(Source information begins)
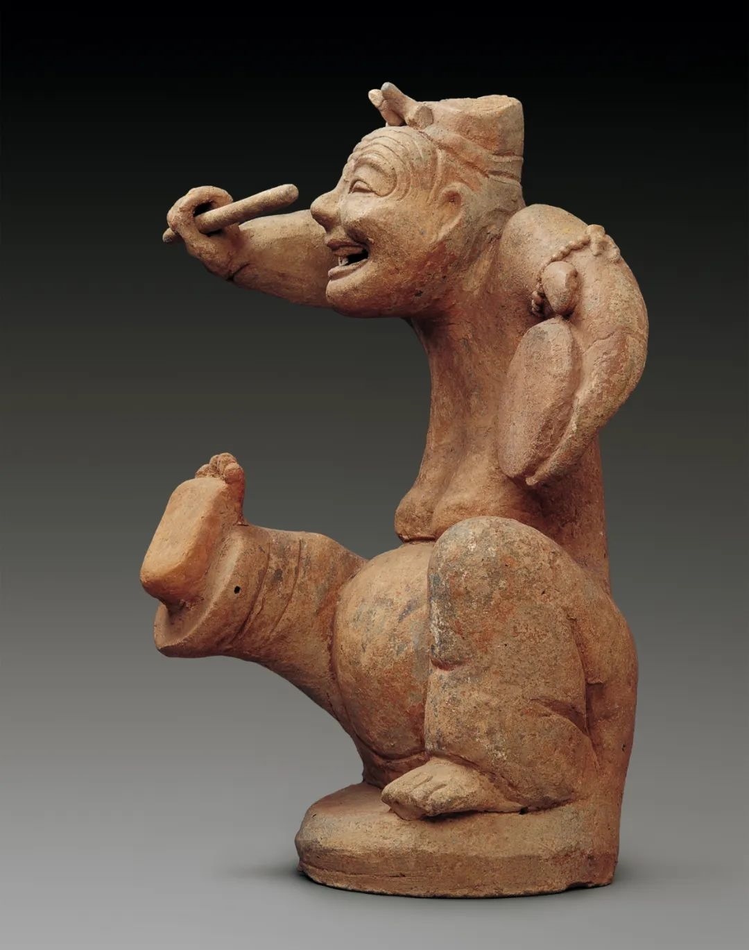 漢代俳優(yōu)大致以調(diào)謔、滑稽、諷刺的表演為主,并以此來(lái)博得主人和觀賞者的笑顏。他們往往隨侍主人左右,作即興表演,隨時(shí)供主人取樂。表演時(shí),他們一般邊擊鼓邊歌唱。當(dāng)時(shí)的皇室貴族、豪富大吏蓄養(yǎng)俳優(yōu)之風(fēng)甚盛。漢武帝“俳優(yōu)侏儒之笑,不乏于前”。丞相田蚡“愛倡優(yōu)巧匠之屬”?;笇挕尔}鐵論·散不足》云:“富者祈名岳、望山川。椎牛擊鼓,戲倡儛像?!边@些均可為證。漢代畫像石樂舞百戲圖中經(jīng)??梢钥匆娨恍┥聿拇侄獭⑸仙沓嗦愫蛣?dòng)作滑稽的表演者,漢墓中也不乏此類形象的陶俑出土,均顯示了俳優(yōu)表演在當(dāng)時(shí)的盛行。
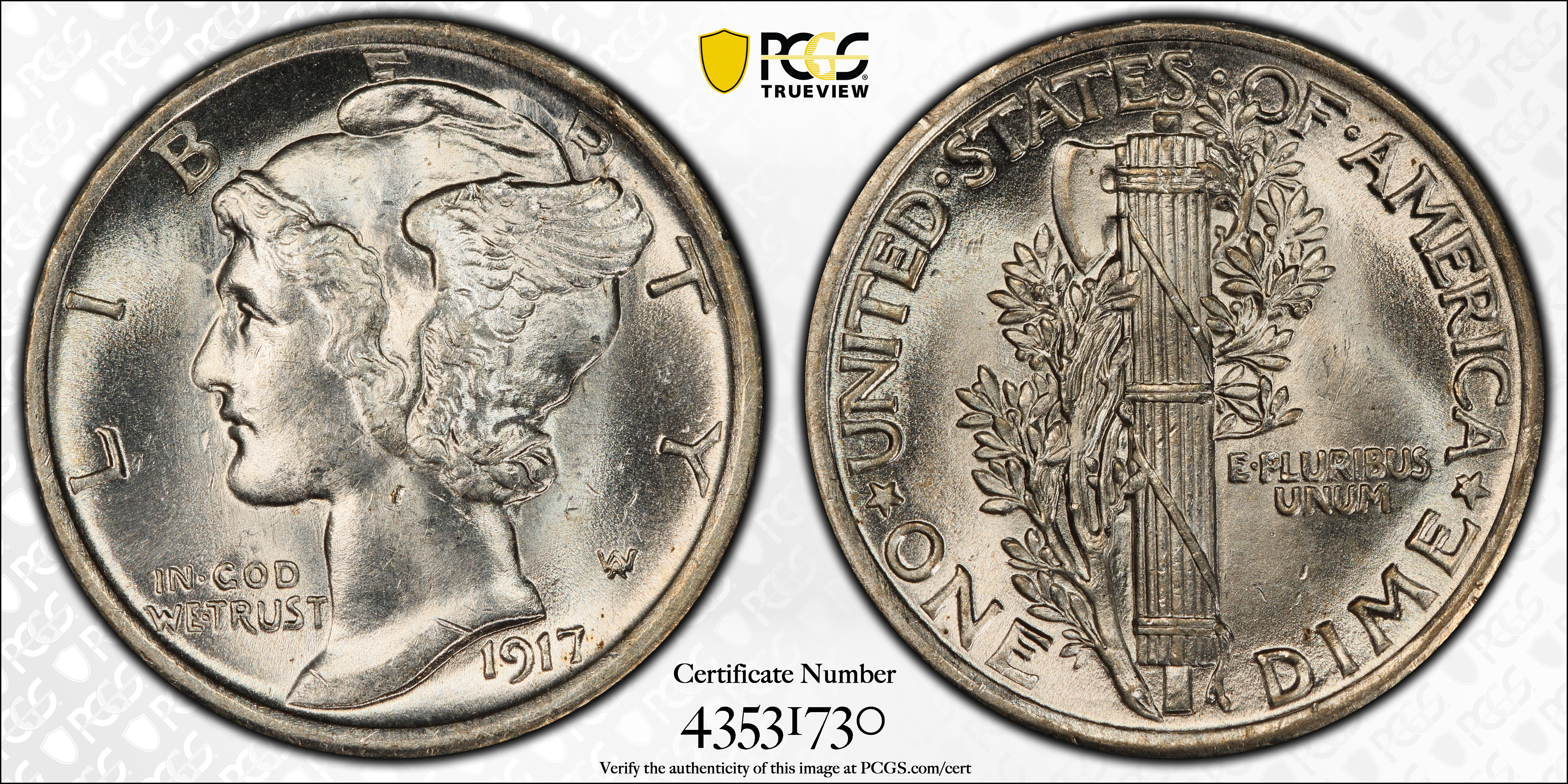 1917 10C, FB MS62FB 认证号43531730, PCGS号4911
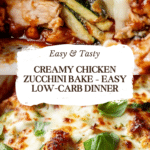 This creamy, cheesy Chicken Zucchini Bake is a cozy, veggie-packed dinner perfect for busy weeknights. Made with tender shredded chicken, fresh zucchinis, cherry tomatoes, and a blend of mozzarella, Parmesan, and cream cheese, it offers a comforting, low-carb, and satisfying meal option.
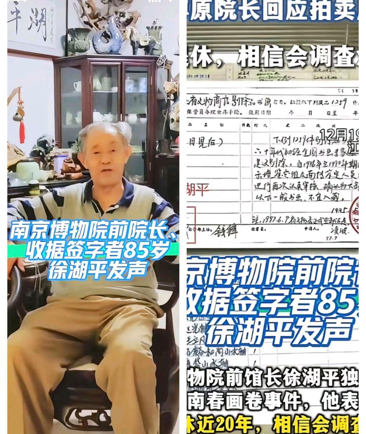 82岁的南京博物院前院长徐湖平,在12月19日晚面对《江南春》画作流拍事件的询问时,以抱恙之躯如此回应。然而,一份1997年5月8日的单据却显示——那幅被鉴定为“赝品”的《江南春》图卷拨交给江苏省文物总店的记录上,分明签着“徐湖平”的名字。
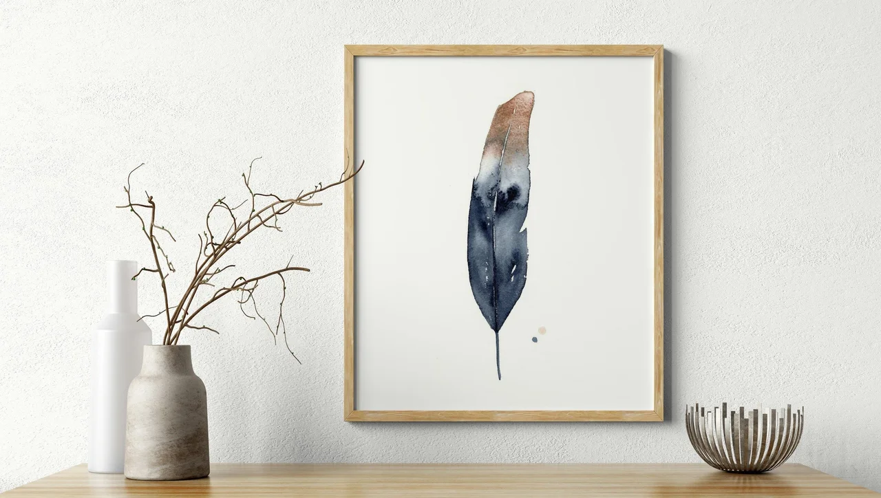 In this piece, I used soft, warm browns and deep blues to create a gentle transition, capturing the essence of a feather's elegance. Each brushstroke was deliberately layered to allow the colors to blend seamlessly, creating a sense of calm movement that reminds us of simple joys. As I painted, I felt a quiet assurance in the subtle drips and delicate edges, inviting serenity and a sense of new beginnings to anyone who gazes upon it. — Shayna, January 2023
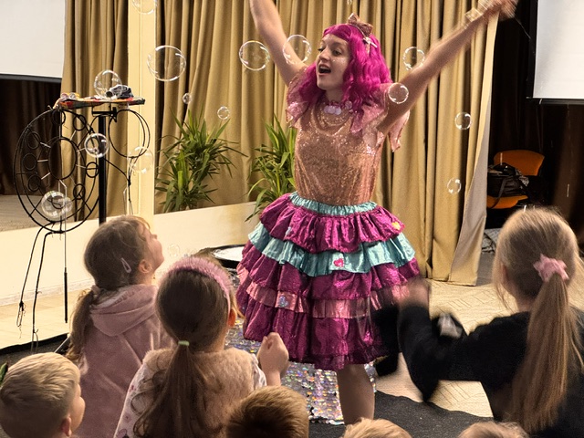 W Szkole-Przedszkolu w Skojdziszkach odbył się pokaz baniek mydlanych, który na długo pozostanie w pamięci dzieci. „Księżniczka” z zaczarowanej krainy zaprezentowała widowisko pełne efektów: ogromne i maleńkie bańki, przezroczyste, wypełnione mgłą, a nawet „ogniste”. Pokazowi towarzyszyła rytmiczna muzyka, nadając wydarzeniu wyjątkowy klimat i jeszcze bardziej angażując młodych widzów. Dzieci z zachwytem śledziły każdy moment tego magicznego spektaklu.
(Source information ends)
Exercise instructions |
The data above holds the lines to copy: start at the one with "1917 10C, FB MS62FB 认证号43531730, PCGS号4911", stop at the one with "In this piece, I", include both, copy them exactly without pictures, and copy nothing else.

Written response |
 1917 10C, FB MS62FB 认证号43531730, PCGS号4911
 This creamy, cheesy Chicken Zucchini Bake is a cozy, veggie-packed dinner perfect for busy weeknights. Made with tender shredded chicken, fresh zucchinis, cherry tomatoes, and a blend of mozzarella, Parmesan, and cream cheese, it offers a comforting, low-carb, and satisfying meal option.
 82岁的南京博物院前院长徐湖平,在12月19日晚面对《江南春》画作流拍事件的询问时,以抱恙之躯如此回应。然而,一份1997年5月8日的单据却显示——那幅被鉴定为“赝品”的《江南春》图卷拨交给江苏省文物总店的记录上,分明签着“徐湖平”的名字。
 In this piece, I used soft, warm browns and deep blues to create a gentle transition, capturing the essence of a feather's elegance. Each brushstroke was deliberately layered to allow the colors to blend seamlessly, creating a sense of calm movement that reminds us of simple joys. As I painted, I felt a quiet assurance in the subtle drips and delicate edges, inviting serenity and a sense of new beginnings to anyone who gazes upon it. — Shayna, January 2023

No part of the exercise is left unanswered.